Question

How do you find the unit vector perpendicular to the vector (4i - 3j)?

Answer 1

Therefore, the reqd vectors are `(3i/5+4j/5), or, (-3/5i-4/5j)`

Explanation:

Let us name the given vctr. `(4i-3j)=(4,-3)=vecu,` and, suppose that, `vecv =(x,y)` is the reqd. unit vector perp. to `vecu`.

Since, `vecv` is unit vctr., `||vecv||=1 rArr sqrt(x^2+y^2)=1`

`:. x^2+y^2=1...............(1)`

Next, `vecv` is perp. to `vecu`, `vecv.vecu=0`

`:. (x,y)*(4,-3)=0 rArr 4x-3y=0.` or, `x=3/4y............(2)`

We solve `(1) & (2) : (3/4y)^2+y^2=1 rArr y=+-4/5`, giving, `x=+-3/5`

Therefore, the reqd vectors are `(3i/5+4j/5), or,(-3i/5-4j/5)`

Enjoy Maths.!

Answer 2

`+-1/5(3i+4j)`

Explanation:

Any unit vector is of the form (cos a, sin a ) = i cos a + j sin a..

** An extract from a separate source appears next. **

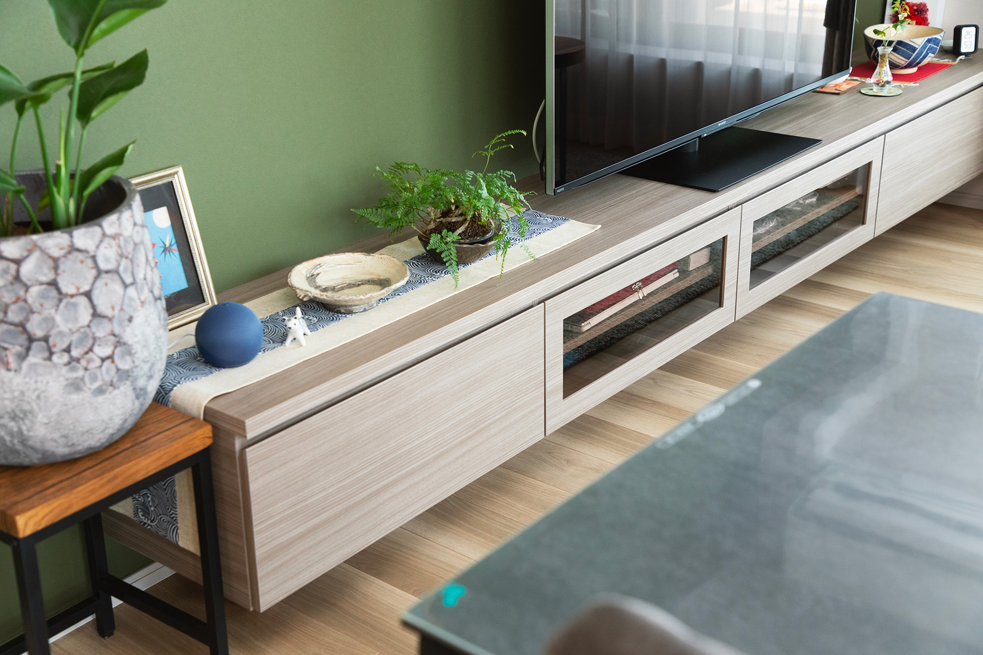 その中でリビングはお客様が来る場所であることも考え、窓の広さからうまれる明るさを活かし、照明やカーテンも光を引き込むようなものを選ばれました。一方で、目を惹くのはリビングに施されたグリーンのアクセントクロス。「リビングは、長く過ごす場所。明るいだけよりも落ち着いた色味でひき締めて、空間に静けさを持たせたかったんです」(ご主人)と、T様ご夫妻ならではのバランス感覚が光るセレクトです。

This has to be perpendicular to the given vector.

So, the dot product of the two, (4, -3).( cos a, sin a)

`4 cos a - 3 sin a = 0`..

And so,, tan a = 4/3 > 0.

Both sin and cos have the same sign.

Thus, `(cos a, sin a)=+-(3/5, 4/5)`.